--- Excerpted data ---
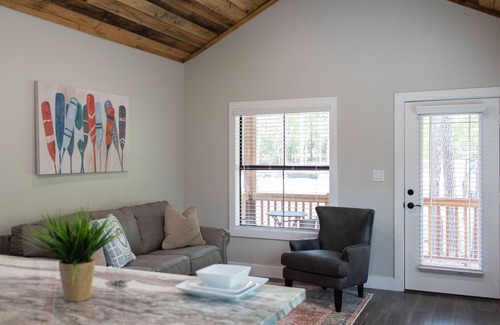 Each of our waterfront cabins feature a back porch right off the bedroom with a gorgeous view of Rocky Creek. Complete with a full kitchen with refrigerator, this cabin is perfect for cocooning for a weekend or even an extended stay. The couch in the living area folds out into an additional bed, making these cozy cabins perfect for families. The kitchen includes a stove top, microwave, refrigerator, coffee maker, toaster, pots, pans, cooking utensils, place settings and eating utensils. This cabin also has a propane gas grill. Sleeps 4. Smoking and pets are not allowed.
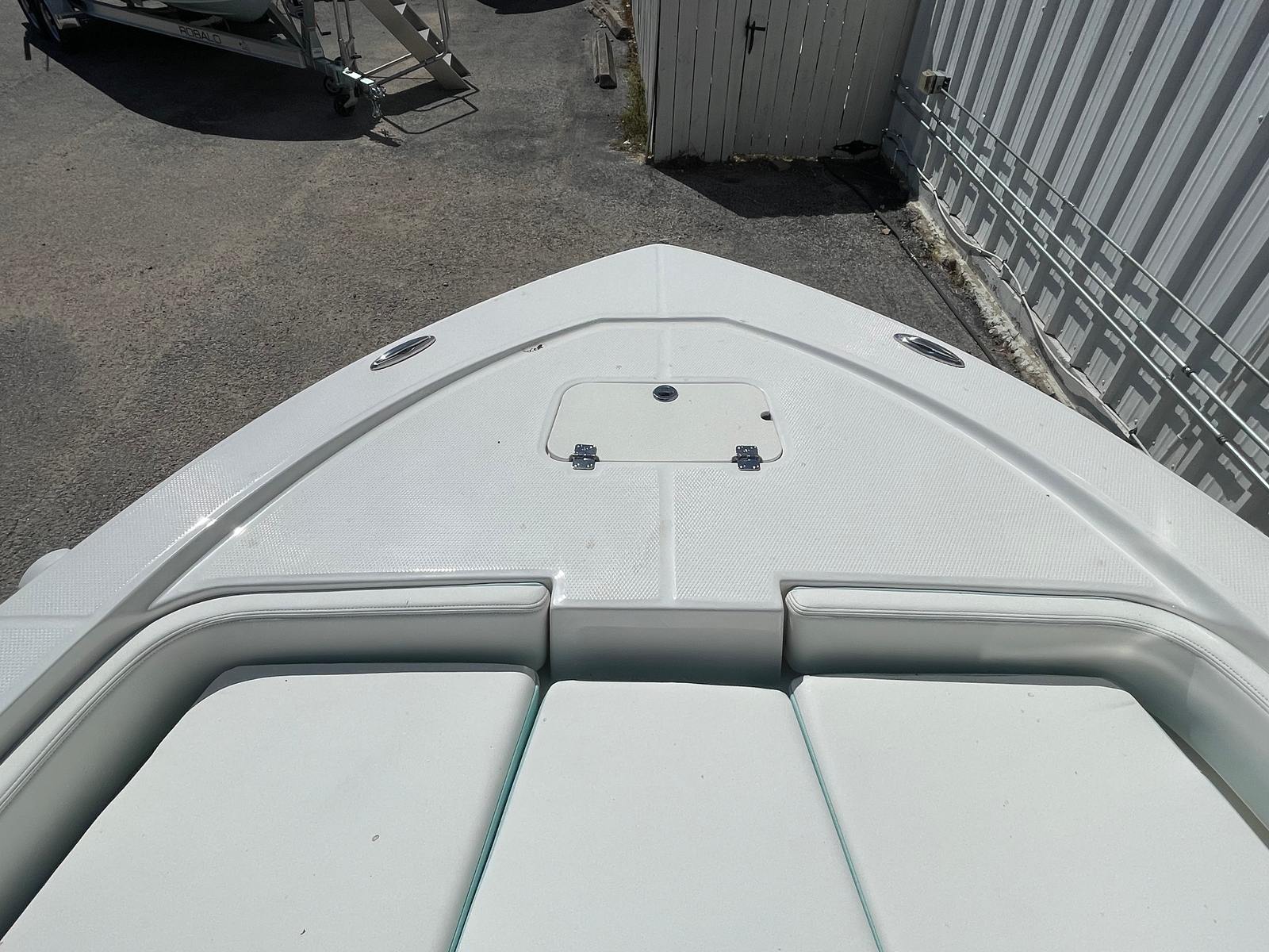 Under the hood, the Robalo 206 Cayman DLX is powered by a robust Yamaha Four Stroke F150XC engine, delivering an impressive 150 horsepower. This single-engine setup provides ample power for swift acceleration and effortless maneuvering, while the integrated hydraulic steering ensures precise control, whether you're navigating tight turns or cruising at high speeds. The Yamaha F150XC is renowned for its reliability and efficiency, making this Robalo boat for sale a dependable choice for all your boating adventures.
---
--- Excerpted data ---
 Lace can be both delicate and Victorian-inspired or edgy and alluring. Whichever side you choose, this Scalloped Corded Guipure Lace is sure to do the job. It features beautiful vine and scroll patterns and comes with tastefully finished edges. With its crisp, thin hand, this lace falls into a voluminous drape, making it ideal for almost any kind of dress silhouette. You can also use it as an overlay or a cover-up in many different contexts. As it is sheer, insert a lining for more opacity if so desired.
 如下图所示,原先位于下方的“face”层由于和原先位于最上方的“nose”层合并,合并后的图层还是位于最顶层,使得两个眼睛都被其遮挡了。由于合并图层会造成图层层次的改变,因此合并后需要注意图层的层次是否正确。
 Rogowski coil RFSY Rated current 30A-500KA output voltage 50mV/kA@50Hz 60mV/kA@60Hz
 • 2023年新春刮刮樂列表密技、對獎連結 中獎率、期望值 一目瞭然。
---
- **What the exercise asks**: Take the listing above and repeat exactly the lines from the one containing "Rogowski coil RFSY" through the one containing "2023年新春刮刮樂列表密技、對獎連結 中獎率、期望值 一目瞭然。", both included.

- **Solved exercise**:
 Rogowski coil RFSY Rated current 30A-500KA output voltage 50mV/kA@50Hz 60mV/kA@60Hz
 • 2023年新春刮刮樂列表密技、對獎連結 中獎率、期望值 一目瞭然。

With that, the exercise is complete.